Hey, it's all very cute, but mugumogu never delivers. We never see Maru put together a winning portfolio of stocks, paint a masterpiece in the style of Botticelli, play the trombone, knit a doily, blow a glass vase or anything else that would prove that Maru really is a special cat, a one in a zillion cat. And then there's more toying with cat toys, more cat silliness, on and on... Ah, but 4 minutes and 21 seconds into this small mammal expose Maru steps it up a bit by taking flying belly slides into open ended cardboard boxes which he surfs across the polished hardwood floor. Granted, it would be more compelling if he pulled a rabbit out of hat or sang a few bars of the aria from Rigoletto, but after 4 minutes plus of playing with yarn and the like, I'll take it! 


I think that watching this video is an opportunity to do some sleuthing about Japanese culture and interests. Kind of like dropping in on another planet to take the measure of their civilization. What is it that they find so compelling here?  Yes, Maru is a most attractive little cat, clean too, I'm sure, but all we see in this video is this little guy doing typical cat things. This would never fly here in America. True, we have our own cat videos, dog videos too, but they only pull the sorts of numbers you'd expect from another pet owner's video about his own pet...

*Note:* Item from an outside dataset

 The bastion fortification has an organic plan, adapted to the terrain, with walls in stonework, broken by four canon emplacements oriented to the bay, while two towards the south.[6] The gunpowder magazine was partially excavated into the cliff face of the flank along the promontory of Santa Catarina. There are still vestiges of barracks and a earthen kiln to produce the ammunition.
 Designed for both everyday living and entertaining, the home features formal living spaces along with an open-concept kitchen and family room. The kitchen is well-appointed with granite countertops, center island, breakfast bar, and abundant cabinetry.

But I'm laughing at myself now because to back up the claim above, I went to the YouTube search engine and typed in "cat videos", and boy did I get a shock. I came across some others that I took to be American and that also have extraordinary numbers and I thought "Snagged!  Caught in the act of being a pompous know it all, again" but then I looked closer, and these high number cat videos are also Japanese. Don't believe me? Take a look at "Funny Cats - A Funny Cat Videos Compilation 2015" which shows today that it has scored 3,094,259 views and was posted by mihaifrancu. Or check out “Funny Cats Compilation [Most See] Funny Cat Videos Ever Part 1” which I think gives us a real clue to what the appeal of cat videos is to the Japanese, as the name of the producer and poster of this one is Forget Your Sadness.  And there must be a lot of sad Japanese who want to forget that emotion because this one has pulled a whopping  82,907,574 views as of today!

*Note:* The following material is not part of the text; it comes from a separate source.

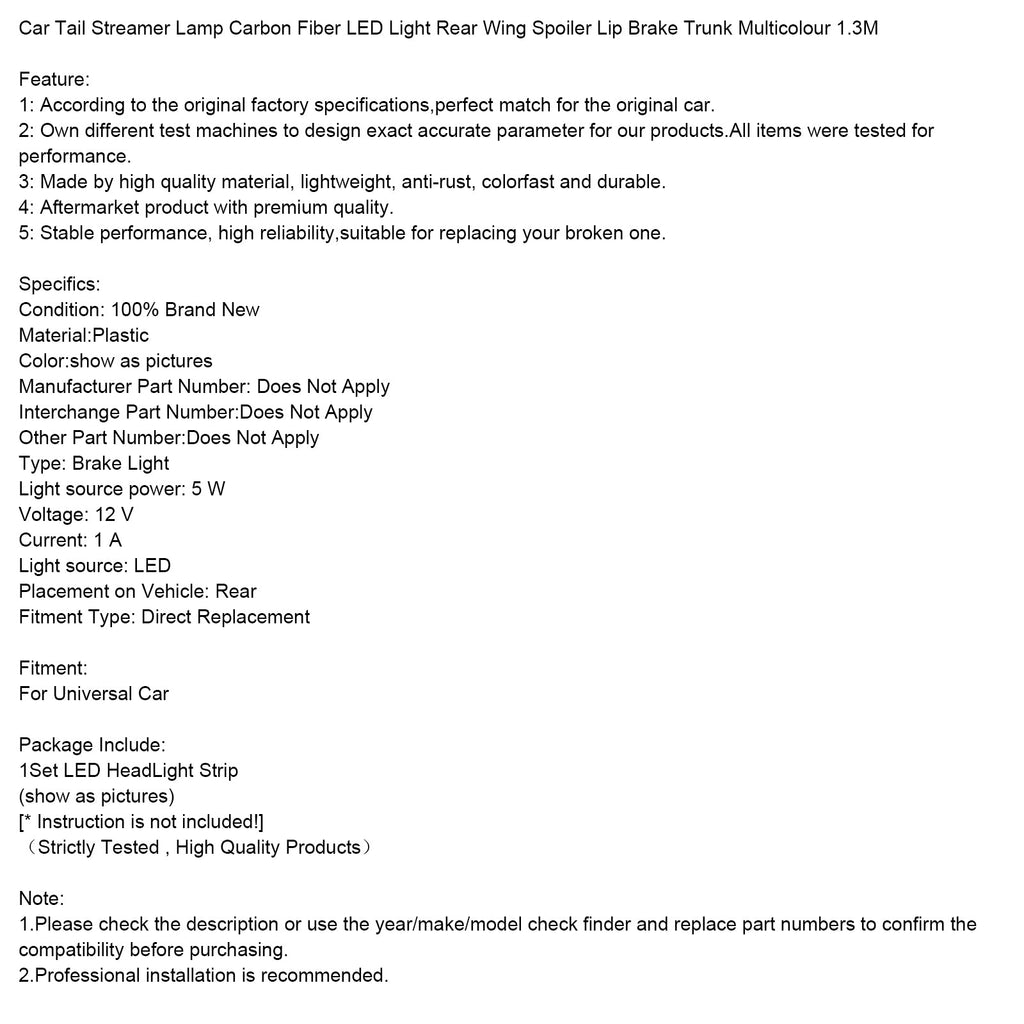 Luz trasera LED de fibra de carbono para coche, alerón trasero, borde de freno, borde de maletero, multicolor, 1,3 m

There are many, many other funny, happy cat videos to be found and enjoyed on YouTube! However, I remain unmoved. I am not now, nor will I ever be a hardcore fan of videos in the Funny Cats genre. I just don't get it. I'm far too set in my ways.


And just when I thought my cat fancier friends in Japan couldn't puzzle me any further, I came across a video titled "Tokyo's unusual 'cat petting cafes", actually a YouTube posted video of what originally (I guess) was a bit of broadcast news about life in Japan. It seems that the Japanese have a major dose of that basic human need: admiring, appreciating, and petting a little pussy cat. But this is a need that they have a hard time satisfying because they simply are too busy working themselves to death to own cats and they've been busy making their apartment buildings practical to the point of resident madness, by banning cats inside, anyway But the Japanese are clever and practical in other ways. There are now cafes in Tokyo and other cities, like Osaka, where for $4 for a drink and $12 for an hour of cat rental, you can sit and relax and enjoy the company of a feline. Actually, this sounds great to me. Certainly, far better than watching cat porn on YouTube at home. Who wants to snuggle up to an iPad with a cat video running on it? Instead you can hire the services of a feline prostitute who will swat its little claws at the string you dangle in front of its face as intimately as your own cat and who knows, may even indulge all of those secret cat fantasies you have deep down and do things your own cat would never even consider. 

But wait, the forces of darkness never rest. Tokyo's city leaders apparently have just passed a law that there will be no public access to cats for non cat owners outside of the hours of 8am to 8pm. So what next, after hours private human-cat love clubs?